A `pandas.DataFrame` typically consist of one or more `pandas.Series` (columns) which share the same indices. As we ill see in the upcoming tutorials, this index doesn't have to be an integer number. You can also print some summary statistics of each column that can help you explore the dataset.

In [None]:
ctd.describe()

## Plotting

Python itself does not have any functions to plot, but there are some packages which help you to create figures. The most common one is `matplotlib` which typically is imported like this:

In [None]:
import matplotlib.pyplot as plt

Plot the temperature column of our `DataFrame` in the variable `ctd`:

In [None]:
plt.plot(ctd["temperature"])

The figure shows the index on the x-axis and temperature on the y-axis. We know that this is the temperature at different depths in the water column which we also have information of in the `DataFrame` (pressure is closely related to depth in the ocean). Therefore, it would be more intuitive to have temperature on the x-axis and pressure on the y-axis. We can achieve that by providing more arguments to the `plot()` function:

In [None]:
plt.plot(ctd.temperature, ctd.pressure)

By default, the origin is in the lower left corner which makes sense for most data. In oceanography, depth is typically the (positive) distance from the sea surface and we therefore want to invert the y-axis. We will also parse more arguments to the plot function to make thee figure prettier:

In [None]:
plt.plot(ctd.temperature, ctd.pressure,  # plot temperature (on the x-axis) as function of pressure (y-axis)
         color="g",                      # specify the color of the line (green)
         linestyle="--",                 # specify the line style (dashed)
         linewidth=2)                    # make line thicker

# invert y-axis
plt.gca().invert_yaxis()

# add axis labels and title
plt.xlabel("Temperature")
plt.ylabel("Pressure")
plt.title("CDT Cast - Bedford Basin Monitoring Program")

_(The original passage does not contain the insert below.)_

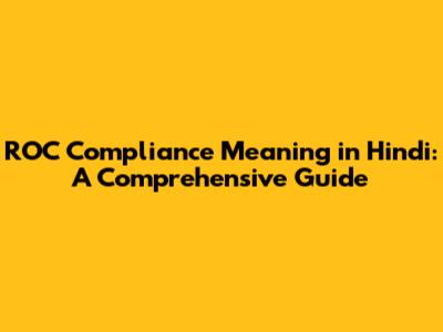 ROC Compliance: A Simple Explanation In Hindi
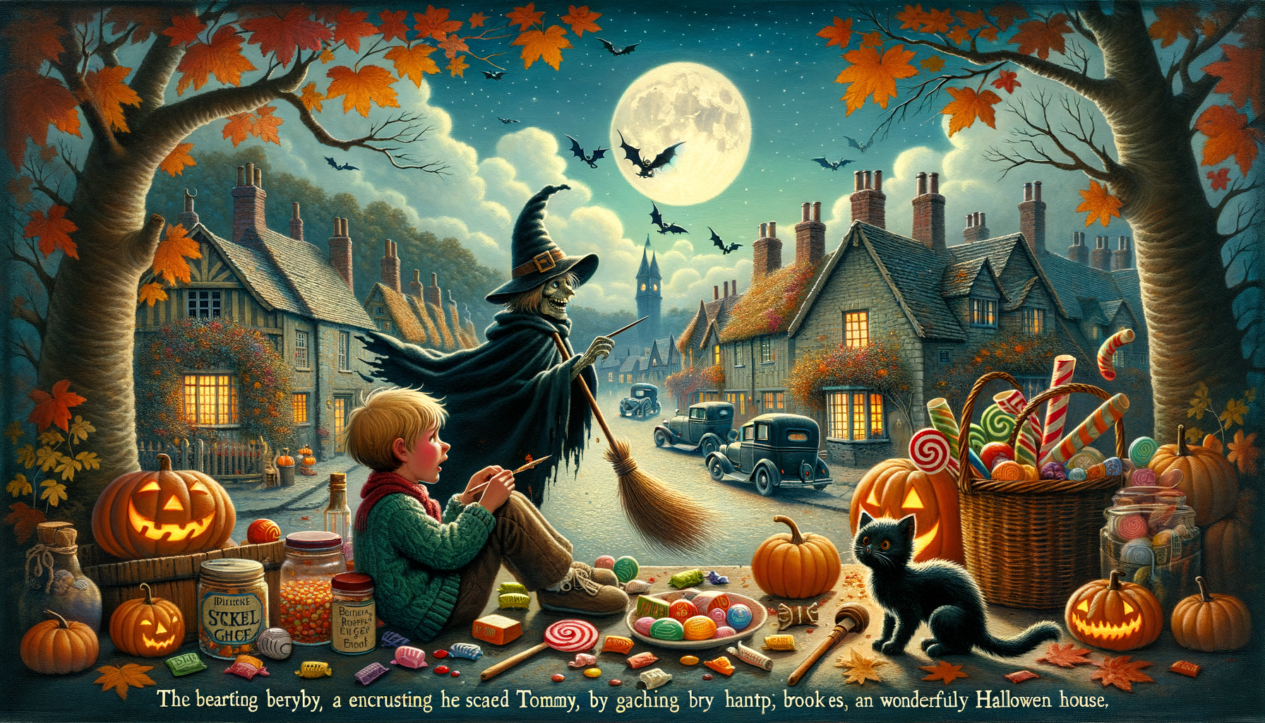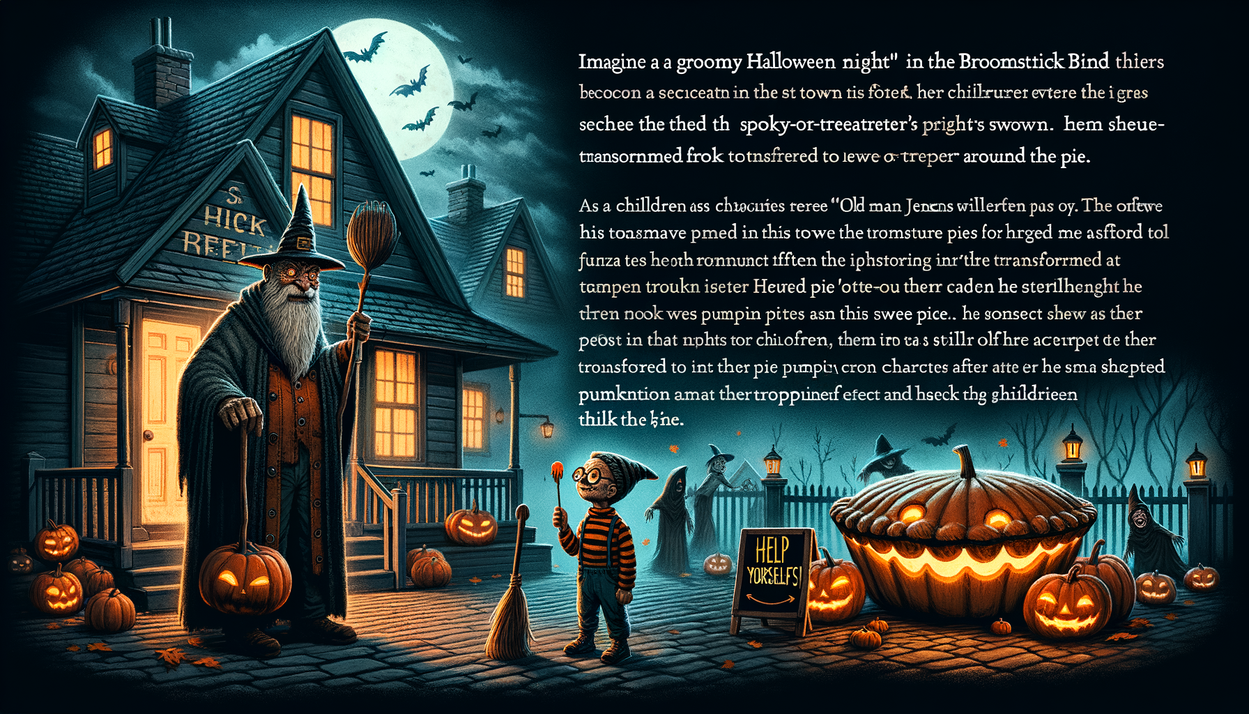 On a cold, ominous Halloween night, in the equally foreboding town of Broomstick Bend, lived a peculiar character, known simply as “Old Man Jenkins”. Renowned for his spine-chilling tales of the supernatural, he had a great love for pumpkin pie and an even greater hatred for trick or treaters. On this particular night, he set about a mischievous plan.

The `pandas` package comes with its own plotting capabilities. These are based on the standard plotting package `matplotlib` which gets called under the hood:

In [None]:
ctd.plot(x="temperature", y="pressure",
         color="g",
         linestyle="--",
         linewidth=2,
         xlabel="Temperature",
         ylabel="Pressure",
         title="CDT Cast - Bedford Basin Monitoring Program",         
         ylim=[70, 0])

We can recreate the figure we plotted with `matplotlib` before. I prefer to use `matplotlib` because it gives you more flexibility. The plotting capabilities of `pandas` become very useful when you just want to have a quicklook at your data.

## Getting help

In order to get information about a package or function, you can use the help tab in the top right pane or the `help()` function, e.g.,

In [None]:
help(print)

If you want to get a deeper understanding of how Python works and a more detailed guide how to use it, read through the [SciPy Lectures](https://www.scipy-lectures.org/).

For more specific problems, consult the following ressources:

1. Other students (!!!)
2. Stackoverflow (or other code forums)
3. GitHub (or related code repositories)
4. Personal blogs
5. Open-source courses (Coursera, etc.)

Google is your friend. Well-articulated searches will (hopefully) send you to the right place. Good luck, and don't be afraid to ask for help!